Constraints on light QCD and CP-violating axions from the death line of rotation-powered pulsars

TL;DR

This paper explores how axion hair around neutron stars affects pulsar lifetimes and emission, providing new constraints on light QCD and CP-violating axions through pulsar observations and simulations.

Contribution

It introduces the concept of axion hair influencing pulsar death lines, extending pulsar lifetimes, and offers novel limits on axion properties based on pulsar emission data.

Findings

Axion hair can extend pulsar lifetimes significantly.

Non-observation of old pulsars constrains axion-nucleon interactions.
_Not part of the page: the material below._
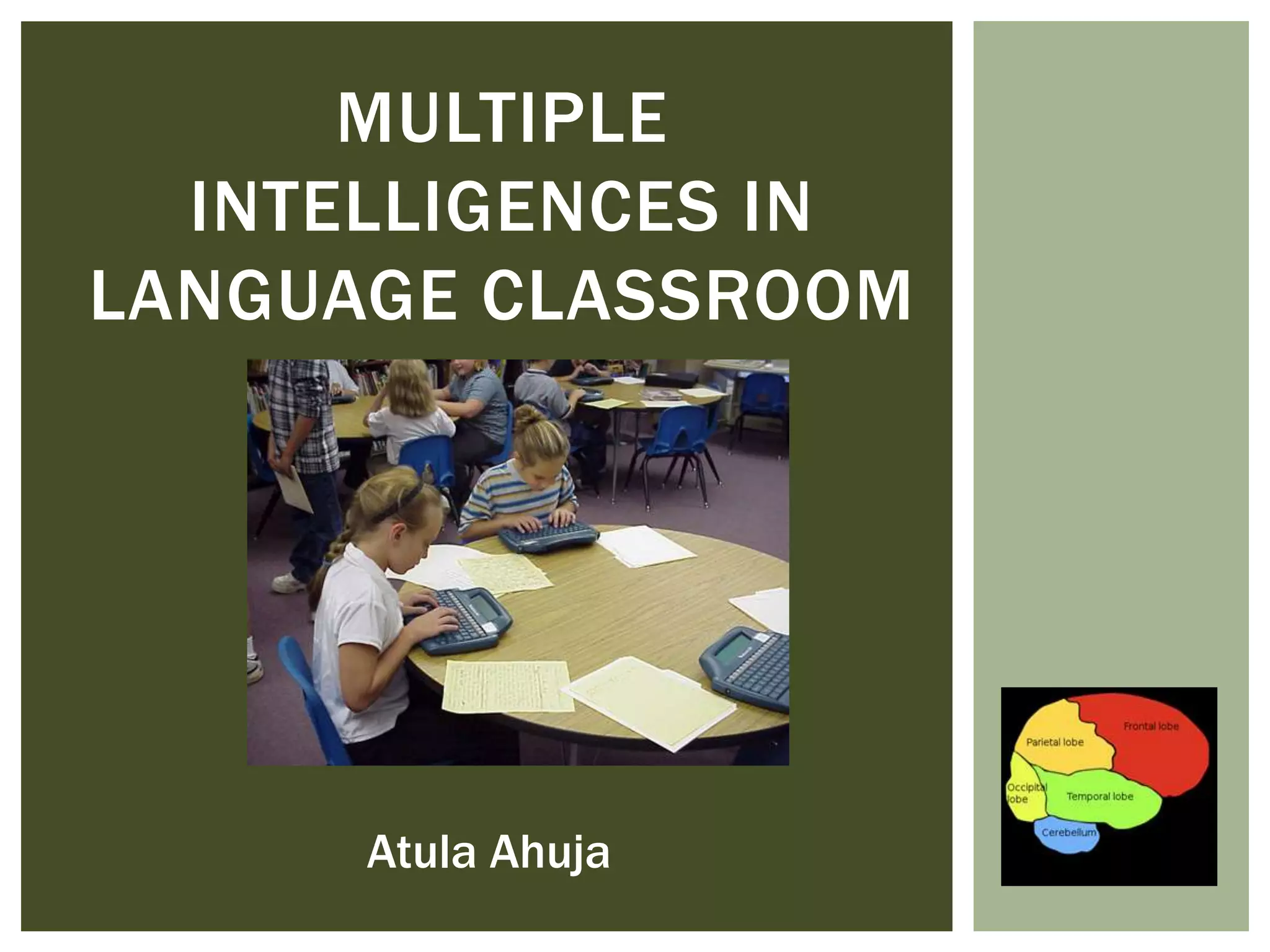 The document discusses the application of Howard Gardner's theory of multiple intelligences to language classrooms. It provides background on the original theory from 1983 and how it has developed since, being applied to general education starting in 1993. Key aspects discussed include the eight core intelligences, various researchers and scholars who have contributed to applying and developing the theory for classrooms, and specific strategies for using the different intelligences to enhance language abilities. The conclusion is that the theory acknowledges learner differences and provides diverse activities to engage all students, potentially leading to greater achievement.

Emission from both poles of pulsars can set limits on CP-violating axions.

Abstract

For axions that couple to nucleons, the presence of dense nuclear matter can displace the axion from its vacuum minimum, sourcing large field gradients around neutron stars (and, more generally, compact objects). These gradients, which we refer to as axion hair, couple to the local background magnetic field, inducing a large voltage drop near the surface of the star; here, we demonstrate that the presence of axion hair decouples local near-field particle acceleration in the open magnetic field line bundle from the rotational frequency of the pulsar itself. This is significant as the non-observation of old slowly-rotating pulsars is attributed to the fact the rotationally-induced electric fields are not strong enough to sustain $e^\pm$ pair production. In this work, we review the evidence for the existence for `pulsar death', i.e. the threshold at which $e^\pm$ pair production (and thus, by association, coherent radio emission) ceases, and demonstrate using both semi-analytics and particle-in-cell simulations that the existence of axion hair can dramatically extend pulsar lifetimes. We show that the non-observation of extremely old, slowly rotating, pulsars allows for a new probe of light QCD and CP-violating axions. We also demonstrate how the observation of emission from both poles of pulsars with nearly orthogonal rotational and magnetic axes, as seen e.g. in PSR J1906+0746, can be used to set competitive limits on CP-violating axion-nucleon interactions.